Previously Observed Relationships Between Chronic Pancreatitis and Pancreatic Ductal Adenocarcinoma
Chronic Pancreatitis and Pancreatic Ductal Adenocarcinoma Share a Prominent Stroma
Both CP and PDAC develop an extensive fibrotic response often referred to as desmoplasia that leads to similar histopathologic features. Both diseases possess extensive fibrotic stroma infiltrated with a variety of leukocytes, acinar cell atrophy, and distorted and blocked ducts.3,4 The only important histologic difference between CP and PDAC is the presence of carcinoma in PDAC. However, cancer cells typically make up only a small fraction (~10%) of the volume of the tumors.5,6 Furthermore, focal areas of fibrosis lacking cancer that resemble CP are inevitably present surrounding PDAC, such that PDAC always occurs in the presence of CP. Also, precursors to PDAC are often observed within areas of CP. These observations suggest strong linkage between the diseases but do not clearly indicate the relationship between these diseases.
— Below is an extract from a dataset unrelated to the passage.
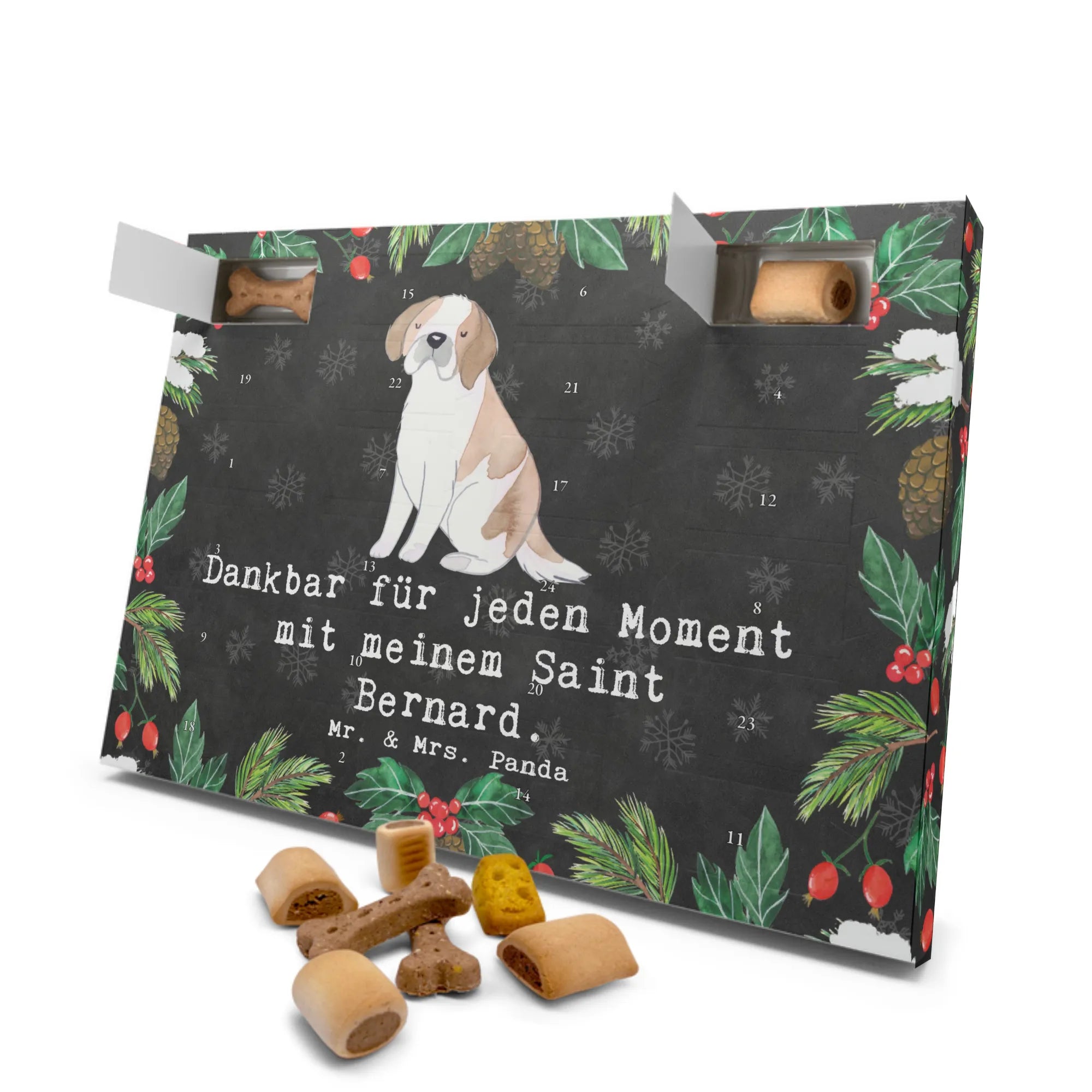 Der Hunde Adventskalender "Saint Bernard Moment" von Mr. & Mrs. Panda ist das perfekte Geschenk für jeden Hundeliebhaber, vor allem für die stolzen Besitzer eines bezaubernden Saint Bernhardshundes! Mit diesem besonders liebevoll gestalteten Adventskalender beginnt die Weihnachtszeit für dich und deinen vierbeinigen Freund auf die schönste Art und Weise.

Chronic Pancreatitis Is a Risk Factor for Pancreatic Ductal Adenocarcinoma
CP is a major risk factor for PDAC.7–10 Although the vast majority of CP patients do not progress to PDAC, the cumulative risk of pancreatic cancer in subjects with CP was reported to be 4% after 20 years, with a standardized incidence ratio of 14.10 This is at least 10-fold greater risk than for those without CP. For patients with a rare form of CP, hereditary pancreatitis, the risk is even greater at 53 times the normal and a cumulative lifetime risk of 40%, which is the highest of any known genetically associated risk factor.11 However, the mutations associated with hereditary CP are not observed in PDAC from patients without hereditary CP.12 Furthermore, the vast majority of patients with CP do not progress to PDAC. Therefore, significant barriers must exist between the mechanisms responsible for CP and the development of PDAC.
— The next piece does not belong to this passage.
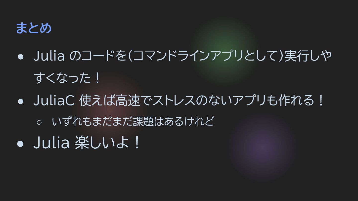 まとめ • Julia のコードを(コマンドラインアプリとして)実行しや すくなった! • JuliaC 使えば高速でストレスのないアプリも作れる! ◦ いずれもまだまだ課題はあるけれど
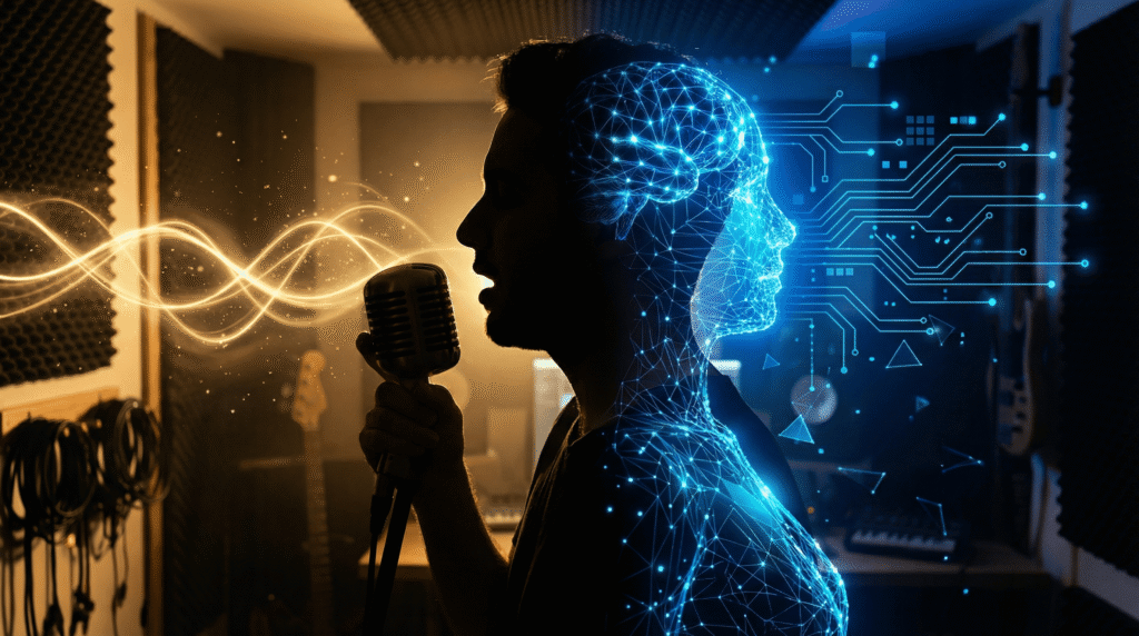 自分の声を10秒〜30秒アップロードするだけで、その声質を反映したAIボーカルが生成される。

Both Chronic Pancreatitis and Pancreatic Ductal Adenocarcinoma Possess Preneoplastic Lesions
Pathologic studies have suggested 2 important precursors to PDAC, pancreatic intraepithelial neoplasias (PanINs) and intraductal papillary mucinous neoplasms.13,14 PanINs are present in nearly all patients with CP.15–17 It has also been observed that chromosomal instability and genomic damage are present in pancreatic duct cells from patients with CP, similar to what is observed in PDAC.18 The specific mechanisms responsible for the genetic instability observed in CP are unclear. Nonetheless, these observations provide a potential explanation for the relationship between CP and PDAC.
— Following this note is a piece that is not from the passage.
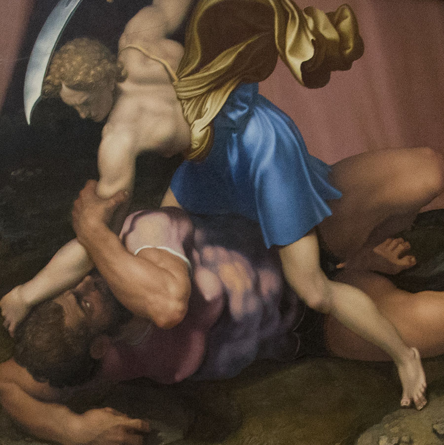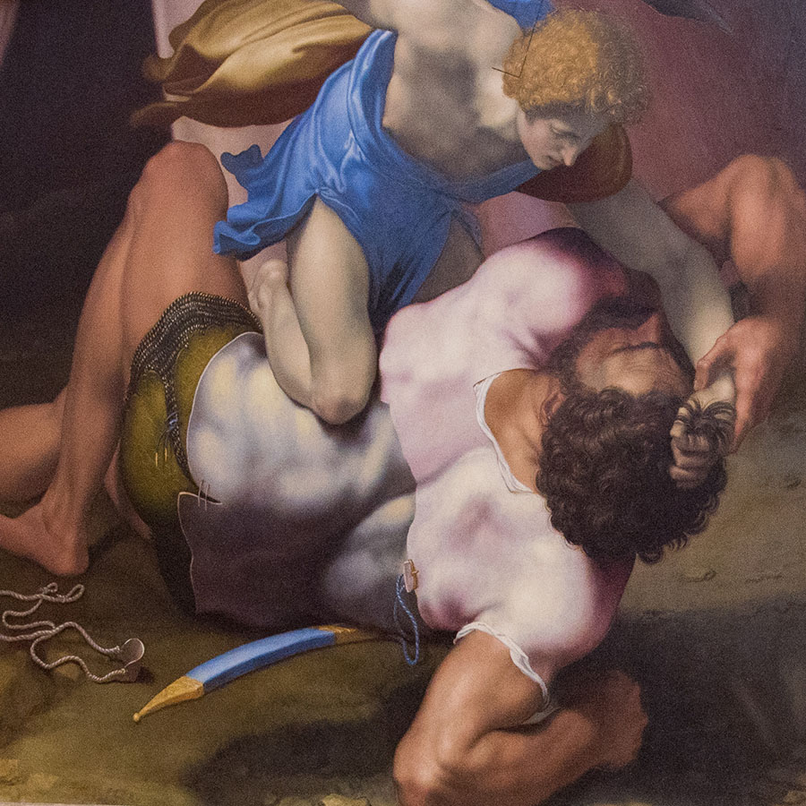 ダニエレ・ダ・ヴォルテッラ作「ダビデとゴリアテ」。絵の中では、今まさにダビデがゴリアテの首を撥ねようとしています。明るく、マニエリスム様式特有の技巧的で豊かな肉体美。ですが、この作品で驚かされるのはここからです。絵の周りをぐるりと回り込むと、今度は反対側から、ダビデとゴリアテの格闘を覗き込むことができるのです。それこそが、この作品がギャラリーの中央に設置されている理由。表と裏、両面に描かれた作品なのです。

Chronic Pancreatitis and Pancreatic Ductal Adenocarcinoma Possess K-Ras Mutations
In PDAC, mutations in the proto-oncogene K-Ras are found in nearly all cases.19 For this reason, this mutation has been extensively explored as a potential diagnostic marker.20–23 Unfortunately for use of K-Ras mutations as a diagnostic aid, K-Ras mutations have also been observed in ~30% of samples from patients with CP, although highly variable levels have been reported.24 –27 This is likely due to differences in sampling, DNA extraction, or polymerase chain reaction methods. Nonetheless, it is clear that K-Ras mutations are very often found in CP. Furthermore, CP generally contains early PanINs that often possess mutations in K-Ras.28 –31 Therefore, K-Ras mutations are not specific for invasive PDAC, and their presence in normal individuals32 suggests that they can precede CP. This is particularly interesting in light of the observation that elevated levels of K-Ras activity in acinar cells generate CP in a mouse model.33 Taken together, the data indicate that the qualitative presence of K-Ras mutations is not an accurate predictor of pancreatic cancer, because this mutation can clearly precede other required alterations.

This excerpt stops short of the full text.